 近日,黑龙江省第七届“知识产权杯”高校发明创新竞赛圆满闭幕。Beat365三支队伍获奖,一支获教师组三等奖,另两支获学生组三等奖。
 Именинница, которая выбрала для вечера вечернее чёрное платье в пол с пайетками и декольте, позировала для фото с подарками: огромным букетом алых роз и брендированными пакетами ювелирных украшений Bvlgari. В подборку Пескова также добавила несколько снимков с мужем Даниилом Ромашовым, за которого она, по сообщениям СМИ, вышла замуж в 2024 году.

...

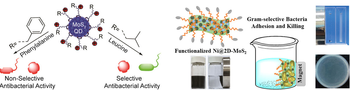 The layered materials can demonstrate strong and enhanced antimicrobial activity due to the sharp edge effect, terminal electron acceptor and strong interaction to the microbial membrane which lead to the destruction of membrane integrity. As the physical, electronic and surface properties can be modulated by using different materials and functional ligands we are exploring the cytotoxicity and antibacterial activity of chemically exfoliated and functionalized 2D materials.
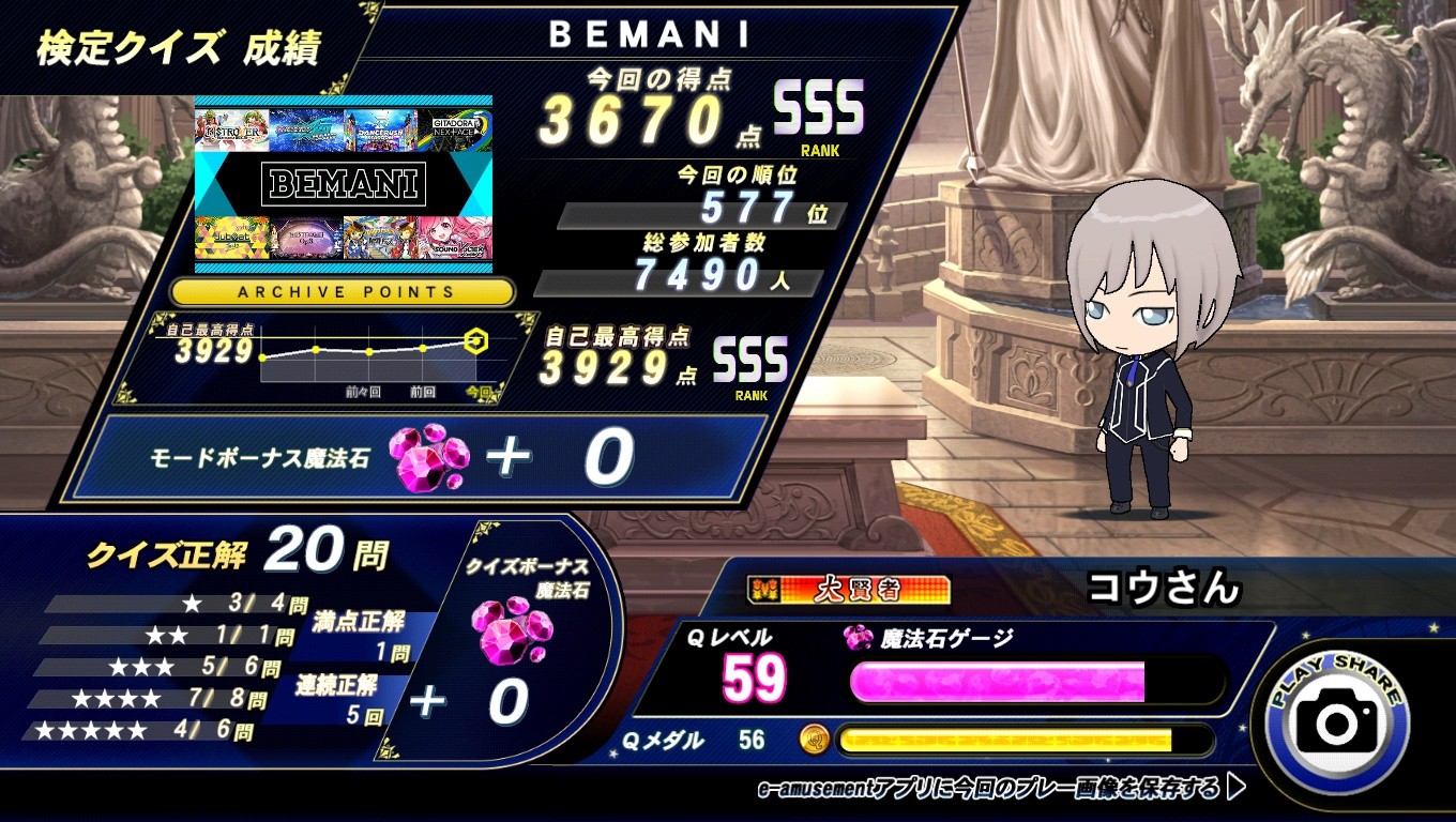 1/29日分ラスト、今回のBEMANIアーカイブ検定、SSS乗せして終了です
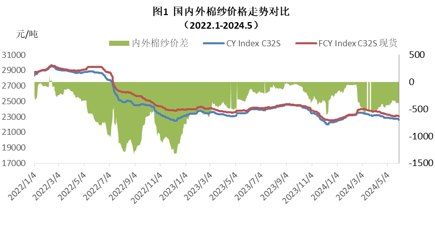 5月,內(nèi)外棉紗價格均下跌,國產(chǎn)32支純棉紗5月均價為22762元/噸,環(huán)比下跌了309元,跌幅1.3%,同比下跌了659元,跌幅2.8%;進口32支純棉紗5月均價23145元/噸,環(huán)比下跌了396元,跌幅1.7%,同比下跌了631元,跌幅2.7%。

● How to complete this task
Although the records hold pictures, the copy must not; give again exactly the lines from the one with "1/29日分ラスト、今回のBEMANIアーカイブ検定、SSS乗せして終了です" through the one with "5月,內(nèi)外棉紗價格".

● Response for this exercise
 1/29日分ラスト、今回のBEMANIアーカイブ検定、SSS乗せして終了です
 5月,內(nèi)外棉紗價格均下跌,國產(chǎn)32支純棉紗5月均價為22762元/噸,環(huán)比下跌了309元,跌幅1.3%,同比下跌了659元,跌幅2.8%;進口32支純棉紗5月均價23145元/噸,環(huán)比下跌了396元,跌幅1.7%,同比下跌了631元,跌幅2.7%。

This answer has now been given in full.